For fun, I'm trying to write one of my son's favorite board games as a piece of software. Eventually I expect to build a WPF UI on top of it, but right now I'm building the machine that models the games and its rules.

As I do this, I keep seeing problems that I think are common to many board games, and perhaps others have already solved them better than I will.

(Note that AI to play the game, and patterns around high performance are not interesting to me.)

So far my patterns are:

  • Several immutable types representing entities in the game box, eg dice, checkers, cards, a board, spaces on the board, money, etc.

  • An object for each player, which contains the players resources (eg money, score), their name, etc.

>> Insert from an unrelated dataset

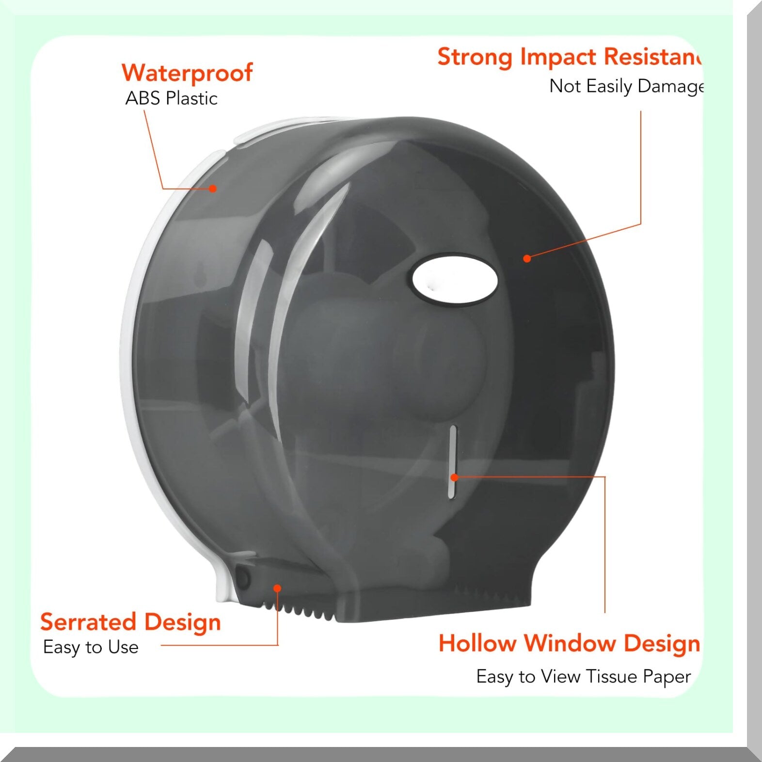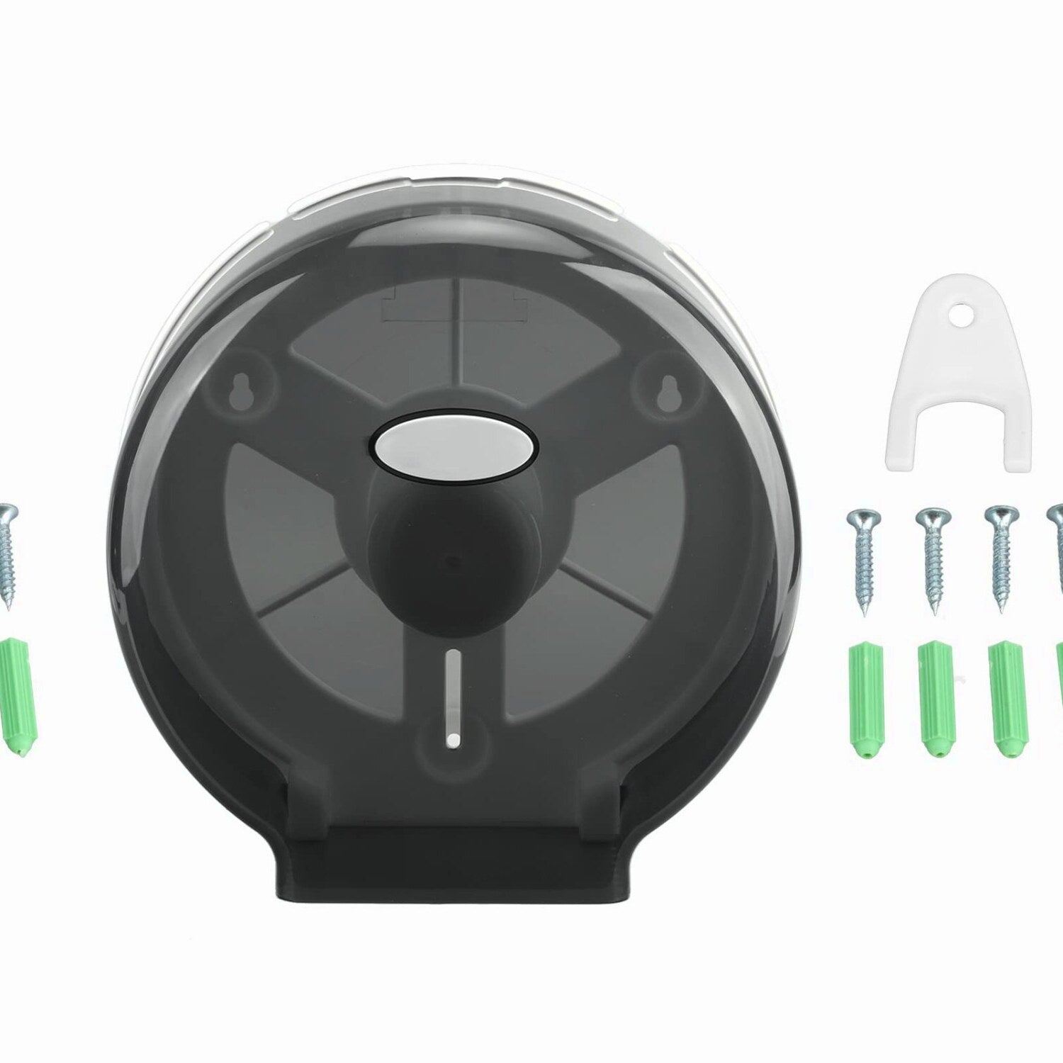 This tissue dispenser is made from durable ABS material, offering strong impact resistance and long-lasting use. Its compact size measures approximately 275x110mm (10.8x4.3 inches) and weighs around 482 grams (17 ounces). The design features a hollow window, allowing easy visibility of the remaining tissue and convenient refilling. Suitable for various settings such as hotels, gyms, restaurants, bedrooms, and bathrooms, it provides practical functionality in both commercial and home environments. The dispenser includes a fixing piece, four screws, and four expansion nails for secure wall mounting. Its sleek, modern appearance complements different decor styles, while the sturdy construction ensures resistance to scratches, discoloration, and aging. This single-roll jumbo tissue dispenser offers a reliable and stylish solution for managing tissue supplies efficiently.

  • An object that represents the state of the game: the players, who's turn it is, the layout of the peices on the board, etc.

  • A state machine that manages the turn sequence. For example, many games have a small pre-game where each player rolls to see who goes first; that's the start state. When a player's turn starts, first they roll, then they move, then they have to dance in place, then other players guess what breed of chicken they are, then they receive points.

  • Is there some prior art I can take advantage of?

    EDIT: One thing I realized recently is that game state can be split in to two categories:

  • Game artifact state . "I have $10" or "my left hand is on blue".

  • Game sequence state . "I have rolled doubles twice; the next one puts me in jail". A state machine may make sense here.

  • EDIT: What I'm really looking for here is the best way to implement multiplayer turn-based games like Chess or Scrabble or Monopoly. I'm sure I could create such a game by just working through it start to finish, but, like other Design Patterns, there are probably some ways to make things go much more smoothly that aren't obvious without careful study. That's what I'm hoping for.


    it seems this is a 2 month old thread that I've just noticed now, but what the heck. I've designed and developed the gameplay framework for a commercial, networked board game before. We had a very pleasant experience working with it.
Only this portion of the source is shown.